Isata and Sheku Kanneh-Mason perform at one of festival’s socially distanced concerts. Photograph: Beki
Smith/Sam Murray-Sutton
He insists that the Proms remains a remarkable and thriving musical institution. “I’ve
always been a glass half full rather than glass half empty person. You’ve got to say, look,
there are 5,000 people pitching up to hear this concert, and it’s all on radio, and online,
and much of it is on television. That’s an enormous number of people. And there are
cheap tickets available for thousands. What is there not to celebrate about all of that?”

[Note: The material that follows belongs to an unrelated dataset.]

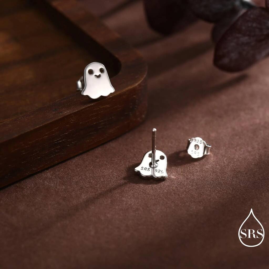 Little Cute Ghost Stud Earrings In Sterling Silver
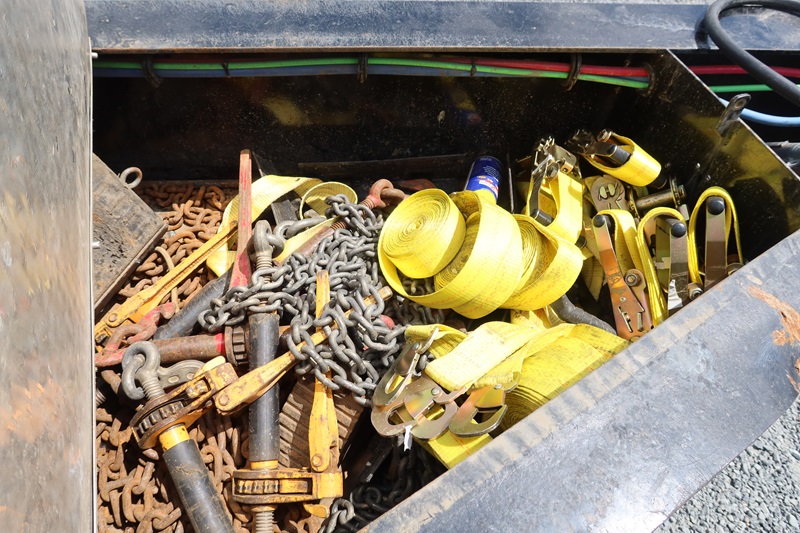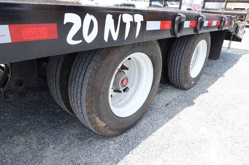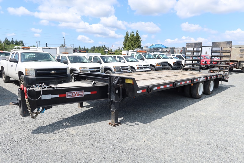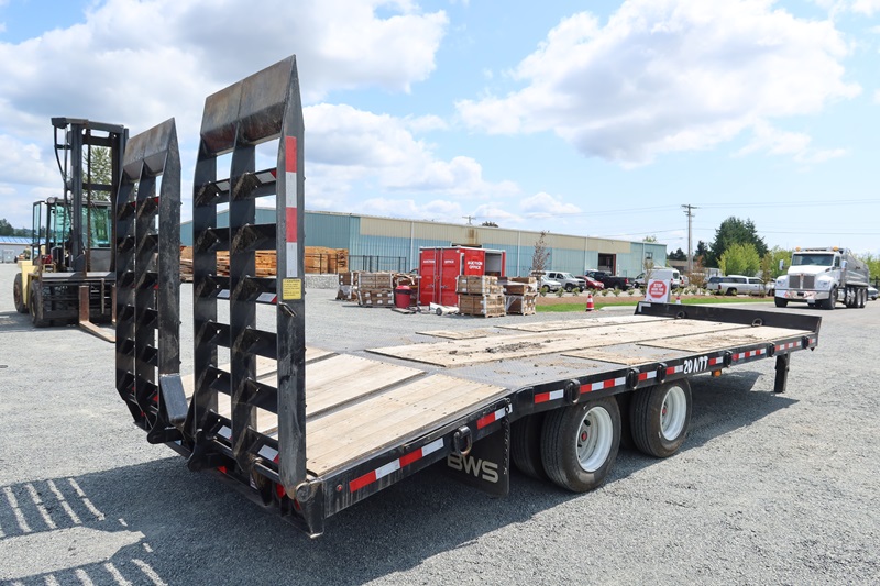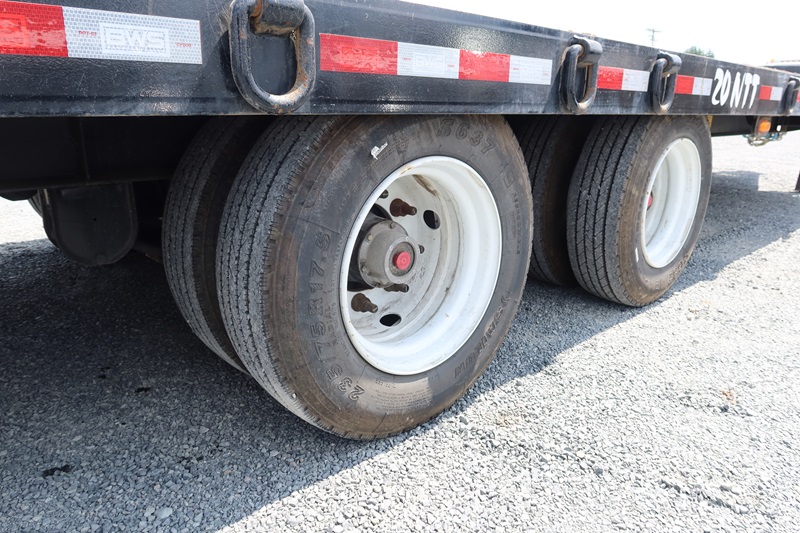T/A, 25', 51,000 LB GVWR EQUIPMENT TRAILER, 20' MAIN DECK + 5' BEAVERTAIL SPRING SUSPENSION, A/B, FOLD DOWN RAMPS (BROKEN GLADHAND ON AIR LINE)

Commissions were an important element in Wright’s work at the Proms, and he has
ensured they have always been prominent at Aldeburgh too; this year, for instance,
composers Unsuk Chin and Weir are featured musicians. “We all need to keep putting
on lots of new music. There are more than 20 first performances in the festival this
year,” he says. “That’s what’s so extraordinary again about the audience here – they
have been trained over the years and they trust the brand of the festival. They trust the
organisation. Yes, they will fall lovingly into the arms of Schubert’s Trout Quintet, but
they will also let you give them Messiaen’s Catalogue d’Oiseaux played across 24 hours,
or a day of Helmut Lachenmann.”
It is clear that when he leaves Snape, Wright will be leaving a very healthy musical
culture behind him. But beyond spending the summer in the US at the festivals at
Tanglewood and Marlboro, he insists that he has no idea what he is going to do next. He
is unlikely to be short of offers, and he is hardly thinking of retiring – “Well, nobody
retires these days, do they? My wife said to me, ‘So you’re graduating’, which I actually
think is rather nice, rather than retiring.”